Догмат о творении проводит невидимую границу между Творцом и тварью - зазор между ними обретает непреложность онтологического порядка. Но отрешенность Бога от мира парадоксальным образом сочетается с немыслимой для античного мироощущения интенсивностью божественной вовлеченности в судьбу каждого отдельного человека. Человек получает новый статус в сотворенном мире: "Но в чем же, по церковному слову, величие человека? Не в подобии тварному миру, но в том, чтобы быть по образу природы Сотворившего его" [1]. Античная идея уподобления микрокосма макрокосму, человека - миру принципиально трансформируется: человек выделяется из мира, напрямую уподобляясь Творцу этого мира.

1 Григорий Нисский. Об устроении человека / Пер., прим. и послесловие В.М. Лурье. СПб., 1995. С. 50.
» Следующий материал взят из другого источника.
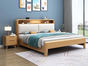 简森曼 北欧风 床头床尾脚为橡胶木靠背为皮艺填充海绵 原木色 1.8米床 【实木拼接工艺】¥2216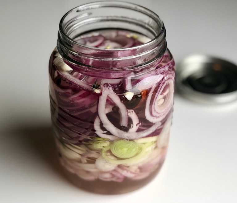 Når sukkeret er helt oppløst helles det over rødløk, sjalottløk og purre.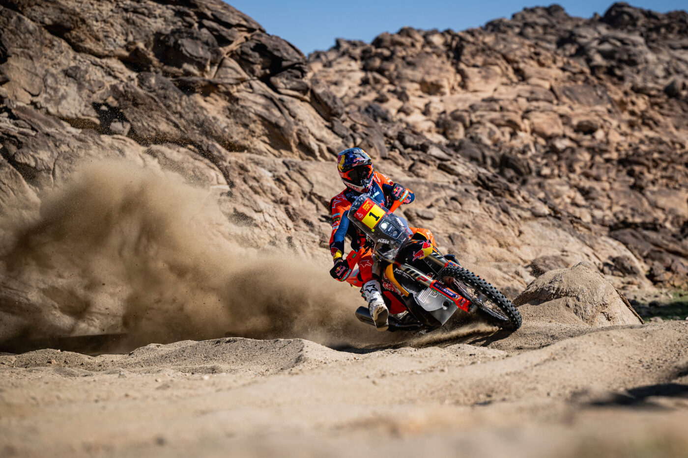 Canet’s fellow Red Bull KTM Factory Racing riders Daniel Sanders and Luciano Benavides both pushed him hard on the dusty piste on outskirts of Yanbu. Reigning RallyGP Dakar winner Sanders finished second – just three seconds behind Canet – while Benavides finished fourth on the Prologue.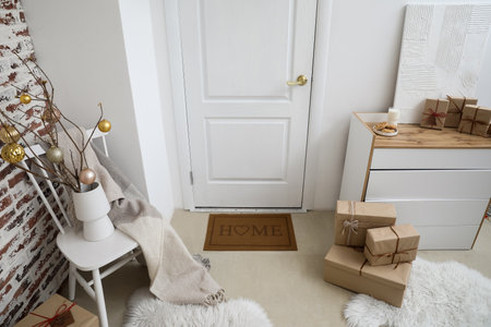 Interior of living room with white door, drawers and Christmas presents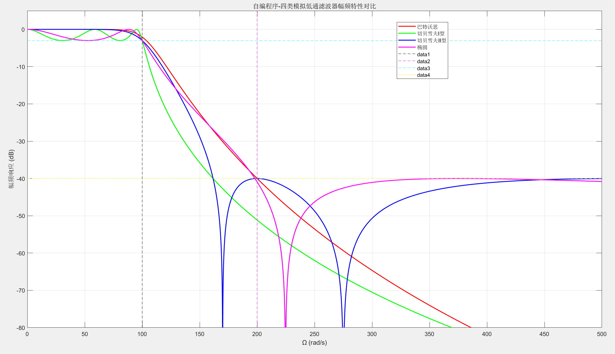 经典的模拟低通原型滤波器有五类 ,各有优劣,适用于不同工程场景,其中巴特沃思 和切贝雪夫为最常用的两类,椭圆和贝塞尔为特殊场景选用。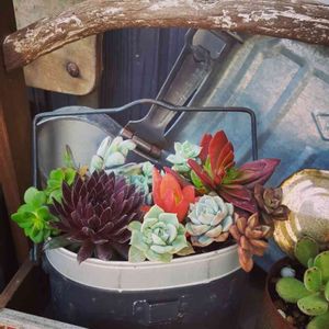 工具箱の寄せ植えも センペルさんを中心に仕立て直し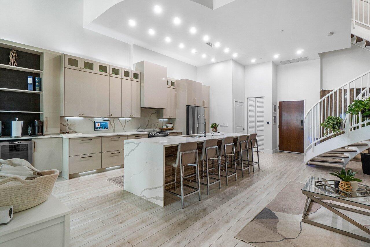 STUNNINGLY RENOVATED FROM TOP TO BOTTOM. 2 BEDROOM, 2.5 BATH TOWNHOME WITH LOFT PLUS DEN/OFFICE! VOLUME CEILINGS. ONLY 8 TOWNHOMES IN ENTIRE COMMUNITY. SEPARATE REAR ENTRANCE TO UNIT. OPEN & AIRY 16 FOOT CEILINGS. VERY UNIQUE SET UP. EXCELLENT INVESTMENT. CAN RENT IMMEDIATELY UP TO 12 TIMES PER YEAR! HUGE CENTER ISLAND WITH TOUCH FAUCET. QUARTZ WATERFALL COUNTER TOPS, NEW STAINESS SMART APPLIANCES. REFRIGERATOR W/WATER IN DOOR. COFFEE BAR. LED CUSTOM LIGHT FIXTURES. UNDER CABINET LIGHTING & ELECTRIC. ELECTRIC BLINDS. SMART LOCK & THERMOSTAT. DUAL SINKS IN MASTER BATH. FULL TIME FRONT DESK ATTENDANT. PRIME GARAGE PARKING SPACE. HURRICANE DOORS & WINDOWS. VERY PET FRIENDLY COMMUNITY. BRAND NEW DOG PARK COMING SOON. RESORT STYLE AMENITIES.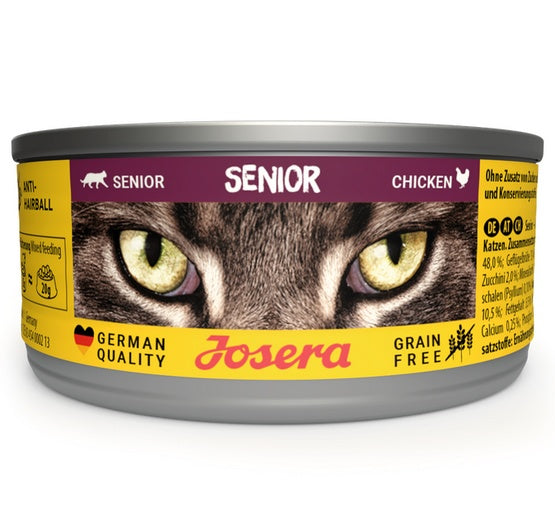 Starsze koty często niechętnie zaglądają do miski z wodą – dlatego mokra karma Josera Senior znakomicie sprawdza się także jako codzienne źródło płynów.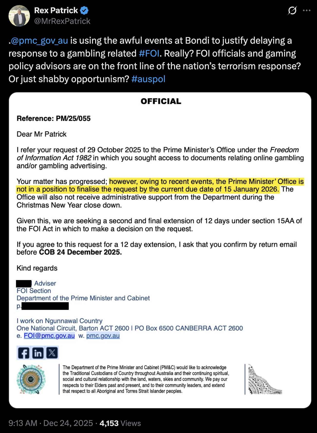 Will 2026 see change to Gambling Advertising in Australia? The answer has to be ‘No’ if new Government Freedom of Information responses to Rex Patrick are anything to go by.

Трансцендентная Божественная Личность создает подобную себе личность человеческую, нерастворимую в стихиях универсума. В этом диалогическом отношении двух трансценденций космос вытесняется в сферу адиафорон (безразличного). В то же время картина космоса в христианстве принципиально антропологизируется, становясь зависимой от человеческих начал в таких масштабах, которые немыслимы для античной космологии. Прежде всего, только к человеку обращен Божественный замысел о творении "по образу и подобию". Далее, христианство есть в сущности религия спасения человека и весь порядок мира и истории ориентирован на решение именно этой задачи.
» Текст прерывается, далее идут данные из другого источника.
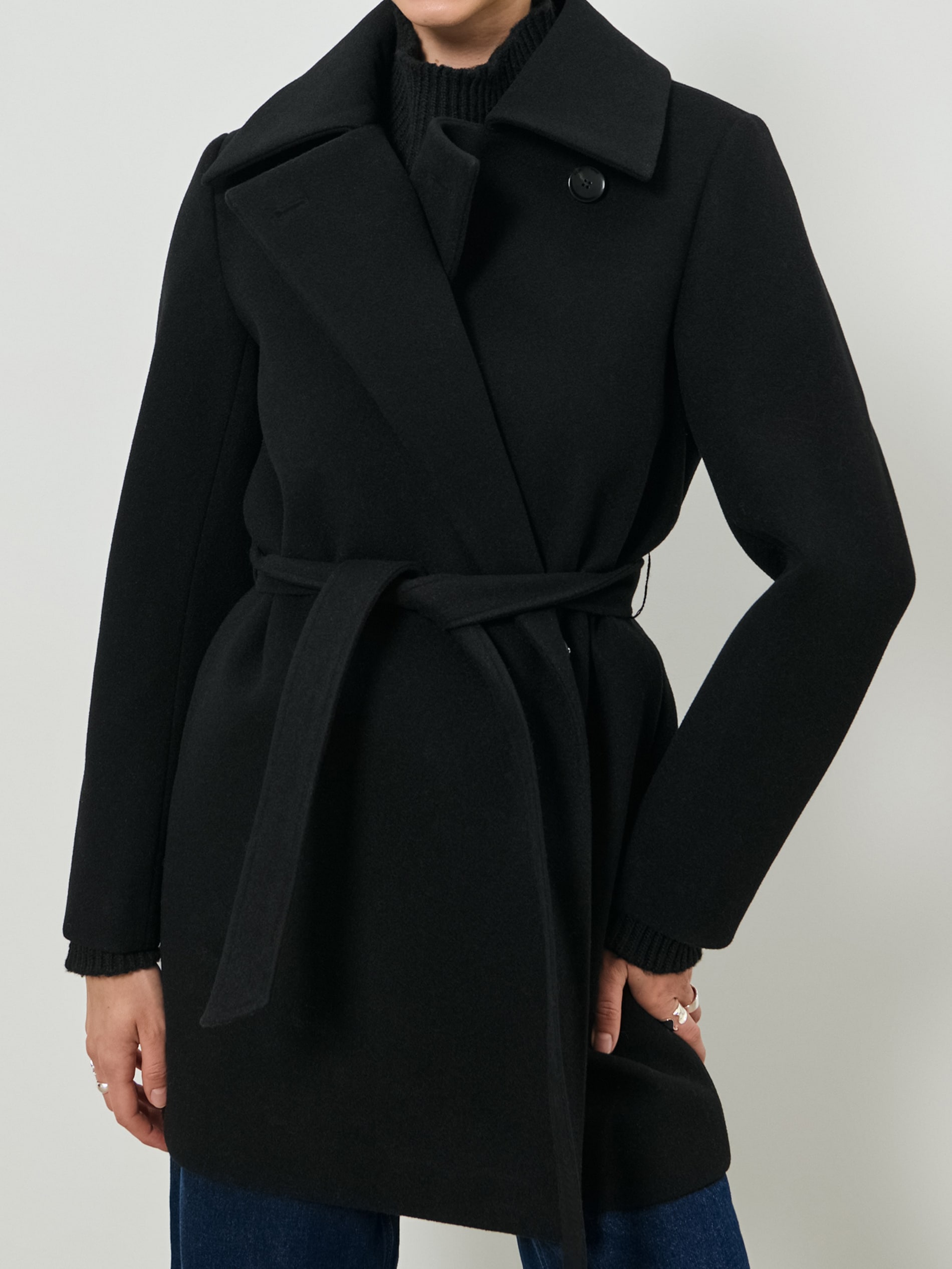 Sinsay - Palton cu cordon în talie - negru -

Но высшее признание абсолютно прерогативного статуса человека, - как в его величии, так и в его уничижении, - заключается в том, что Бог, воплощаясь, принимает человеческий образ ("зрак раба"), чтобы возвысить человека до божественного образа (классическая формула богословия: "Бог стал человеком, чтобы человек стал Богом"). Самое красноречивое, но в то же время возмутительное для античного миропонимания, свидетельство сверхприродного статуса человека - это порядок отношений между миром и человеком, выраженный в параболе грехопадения и спасения. Нравственное падение человека становится не просто фактом истории "первого" Адама, но и событием универсально-космическим: оно влечет за собой моральное превращение всей природы, нарушение порядка всего сущего. С этого момента зло приходит в мир. И возродиться природа должна только через восстановление человека. Моральное и физическое спасение мира становится задачей религиозного человека. Судьба космоса оказывается в зависимости от частной человеческой судьбы. Мир отступает в тень человека.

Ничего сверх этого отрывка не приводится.